According to the words of Christ this is the 'initial evidence' of the coming of the Spirit;“And when He has come, He will convict the world of sin, and of righteousness, and of judgment:” (John 16:8, NKJV)Perhaps you are thinking 'Isn't this supposed to happen in conversion?' Yes, biblically but we live in an era where this is no longer the 'normal Christian' beginning. There is also the prospect of churches 'falling'“Christ is become of no effect unto you, whosoever of you are justified by the law; ye are fallen from grace.” (Gal. 5:4, KJVS)This was addressed not to a 'church' but to the 'church[u]es[/u] of Galatia; a whole territory had 'fallen' from a higher experience. Perhaps a whole 'era' can fall from 'grace' resulting in what is, in effect, sub-standard Christianity.

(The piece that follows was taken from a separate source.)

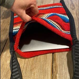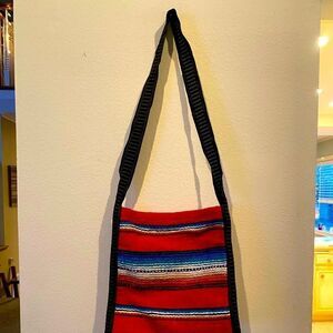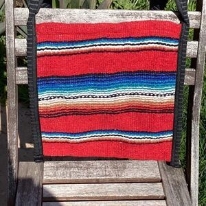Multi-use bags sewn from the Rio Bravo Blankets with sturdy straps that can be worn cross-body.
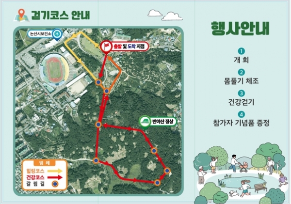 이번 걷기 행사는 집합장소인 시민가족공원 중앙분수대에서 출발해 1km를 걷는 힐링코스와 반야산 일원 4km를 걷는 건강코스로 나눠져 진행된다.

The concept of the 'classic revival' is a raising to new heights and restoring to first love as a result of the God's sovereign intervention. I am spelling this out carefully because the usage of the word 'revival' has developed differently on each side of the Atlantic. Due, I suspect, partly to the work of Finney and others an understanding arose that ''revivals' could be facilitated by praying and preaching. This seemed to develop into a meeting designed to facilitate such a revival and lively, intense meetings became known as 'revival meetings' in the USA. This usage has never been common in the UK. In the UK Christian use of the term 'revival' hardly every means a meetings designed to foster one; it almost always means a 'classical revival' marked by conviction of sin and area wide God-consciousness.

Perhaps such 'revivals' are God's way of re-setting the dials and restoring Christianity to its original power and purity. This is often necessary for the individual and for the community. Such works of God have come to be seen as 'remedial' and consequently 'abnormal', but I am left with the deep conviction that this was intended to be the norm.

Ron Bailey

 2006/1/24 9:14Profile

Joined: 2006/1/20
Posts: 42


Philologos quote:

"Perhaps a whole 'era' can fall from 'grace' resulting in what is, in effect, sub-standard Christianity"

Thank you for this response. I provided me with some much needed clarity and understanding, as I am new to the concept of revival of such magnitude.

May God continue to use you to his glory.